Luino

Luino, “Libro d’Artista” a Palazzo Verbania, mostra dedicata a Chiara e Sereni

Un'opera di Nicoletta Magnani dedicata a Chiara

Un’opera di Nicoletta Magnani dedicata a Chiara

Si chiama “Libro d’artista, la creazione artistica della parola. Piero Chiara /Vittorio Sereni” la mostra organizzata dal Circolo degli Artisti di Varese a cura di Fabrizia Buzio Negri presso Palazzo Verbania a Luino, dal 7 al 25 settembre. Vernissage: sabato 7 settembre, ore 17.30. L’evento ha il patrocinio di Regione Lombardia; Comune di Luino; Provincia di Varese, Amici di Piero Chiara.

Con opere pittoriche, sculture, installazioni, fotografie, i 50 artisti del Circolo degli Artisti di Varese ritornano a Palazzo Verbania con una nuova mostra, dopo il successo del 2012.

Libro d’Artista: dalle avanguardie storiche del Novecento in poi, come opera unica o a tiratura limitata. Il Futurismo, con Marinetti, teorizzava la smaterializzazione del libro per esaltarne la valenza creativa.

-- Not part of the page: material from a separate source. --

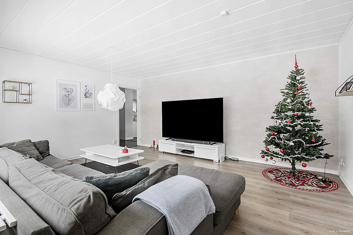 Ljust och rymligt vardagsrum med flera fönsterpartier som ger ett fint ljusinsläpp. Här finns utgång via altandörr till uteplatsen samt gott om plats för soffgrupp och tillhörande möbler.

Pagine, dunque, come opere d’arte; poesie visivamente sottolineate dalla pittura; citazioni su carta, su tela, su metallo, su pietra, su fotografia. Manipolazioni, reinvenzioni degli artisti stessi, evocando i due grandi scrittori del Novecento, Piero Chiara e Vittorio Sereni nel centenario della nascita.

Si riportano frasi, pagine, in chiave distruttiva; si restituiscono frasi in senso reale oppure simbolico, nello sconfinamento dentro la ricerca individuale. Un libro d‘artista,, oggi, può essere figlio della materia, della penna, del pennello, dello scalpello, del digitale, espressione di multigrafie, di più linguaggi insieme, ad oltrepassare il concetto di tradizione, per ritrovare una nuova dimensione culturale antropologica del libro liber, che diventa opera d’arte.

Il senso della manifestazione è il ‘misurarsi’ con differenti strumenti e materiali per nuove frontiere dell’arte, intendendo il libro, non solo forma, ma esperienza creativa.

Pittura, scultura, fotografia, installazioni. Sono 50 opere che, nelle diversità delle intenzioni creative di ciascun artista, nella varietà dei materiali utilizzati, richiamano, alludono, citano brani dai romanzi di Piero Chiara, dalle liriche di Vittorio Sereni.

Viene pubblicato un catalogo di oltre 100 pagine, catalogo che riporta tutte le immagini delle opere presentate in mostra, con una introduzione del prof. Federico Roncoroni, testi critici, interviste e testi istituzionali.

In particolare: Parole, parole, parole… per 3RE (Trezza-Regidore), Alessia Tortoreto, Giorgio Bongiorni, Sergio Colombo, Flora Fumei, Bruna Zanon, Mirko Cervini, Paola Carabelli, Alida Novelli Drovandi.

Un vero e proprio libro pubblicabile è quello di Liliana Farini, Nicoletta Fumagalli, Peter Hide 311065 (con editore già pronto). Coinvolgenti le opere scultoree di Ruggero Marrani, Raphael De Vittori Reizel, Antonio Franzetti, Eduardo Brocca Toletti. Su progetti molto originali hanno lavorato Silvana Feroldi, Luca Ghielmi, Sonia Conti, Nicoletta Magnani, Enrico Milesi, Raffaello Giunti, Nicoletta Lunardi, Max Fontana.

Particolarissima come sempre l’installazione di Franco Mancuso; si è mosso felicemente con il medium fotografico Antonio Bandirali. Si sono ispirati alle emozioni diverse suggerite dalle pagine scritte artisti come Pierangela Cattini, Agostina Carrara, Michele Di Giovanni, Giorgio Gessi, Alberto Nicora, Giulio Palamara, Laura Pasquetti, Ernesto Saracchi. Parole e suggestioni visive attraverso il colore sono evocate da Marco Saporiti, Simona Zonca, Rita Bertrecchi, Elio Rimoldi, Giuseppe Sassi, Vanni Bellea, Gladys Colmenares, Daniela Quaglia.

Il fascino della materia ha catturato Gianpiero Castiglioni, Ezio Foglia, Roberto Cozzi, Piera Limido, Elisabetta Pieroni, mentre la figurazione memoriale si esalta con Franca Carra, Elsa Zantomio Gilberto Facchinetti.